» DATA SHOWN

↓

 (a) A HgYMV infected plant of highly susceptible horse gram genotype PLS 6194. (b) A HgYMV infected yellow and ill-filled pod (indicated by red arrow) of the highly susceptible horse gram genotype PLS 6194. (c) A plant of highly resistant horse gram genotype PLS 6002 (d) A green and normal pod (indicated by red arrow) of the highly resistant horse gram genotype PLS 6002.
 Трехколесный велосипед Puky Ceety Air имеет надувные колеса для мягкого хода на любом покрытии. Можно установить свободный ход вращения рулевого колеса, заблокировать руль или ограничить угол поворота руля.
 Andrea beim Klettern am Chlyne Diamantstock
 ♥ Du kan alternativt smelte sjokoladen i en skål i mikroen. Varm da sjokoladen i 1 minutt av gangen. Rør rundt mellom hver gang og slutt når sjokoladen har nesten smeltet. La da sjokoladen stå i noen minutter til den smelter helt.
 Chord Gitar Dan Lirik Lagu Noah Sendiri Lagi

↑
↓

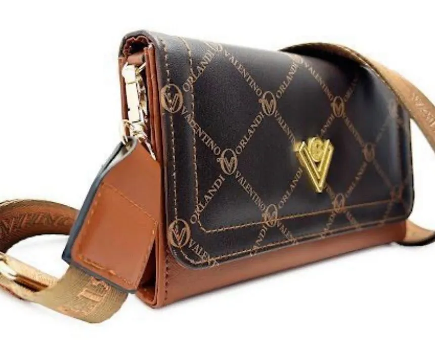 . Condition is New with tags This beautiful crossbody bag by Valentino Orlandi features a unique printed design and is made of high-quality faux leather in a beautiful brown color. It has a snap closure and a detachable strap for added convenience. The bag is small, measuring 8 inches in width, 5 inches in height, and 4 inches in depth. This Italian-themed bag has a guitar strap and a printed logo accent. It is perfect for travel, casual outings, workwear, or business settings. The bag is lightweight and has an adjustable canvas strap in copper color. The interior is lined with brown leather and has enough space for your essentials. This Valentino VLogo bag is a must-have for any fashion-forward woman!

↑

» ACTIVITY
Once you find the line with "(a) A HgYMV" above, print it and every line after it up to and including the line with "Chord Gitar Dan Lirik Lagu Noah Sendiri Lagi", exactly as written and nothing else.

» FINISHED EXERCISE
 (a) A HgYMV infected plant of highly susceptible horse gram genotype PLS 6194. (b) A HgYMV infected yellow and ill-filled pod (indicated by red arrow) of the highly susceptible horse gram genotype PLS 6194. (c) A plant of highly resistant horse gram genotype PLS 6002 (d) A green and normal pod (indicated by red arrow) of the highly resistant horse gram genotype PLS 6002.
 Трехколесный велосипед Puky Ceety Air имеет надувные колеса для мягкого хода на любом покрытии. Можно установить свободный ход вращения рулевого колеса, заблокировать руль или ограничить угол поворота руля.
 Andrea beim Klettern am Chlyne Diamantstock
 ♥ Du kan alternativt smelte sjokoladen i en skål i mikroen. Varm da sjokoladen i 1 minutt av gangen. Rør rundt mellom hver gang og slutt når sjokoladen har nesten smeltet. La da sjokoladen stå i noen minutter til den smelter helt.
 Chord Gitar Dan Lirik Lagu Noah Sendiri Lagi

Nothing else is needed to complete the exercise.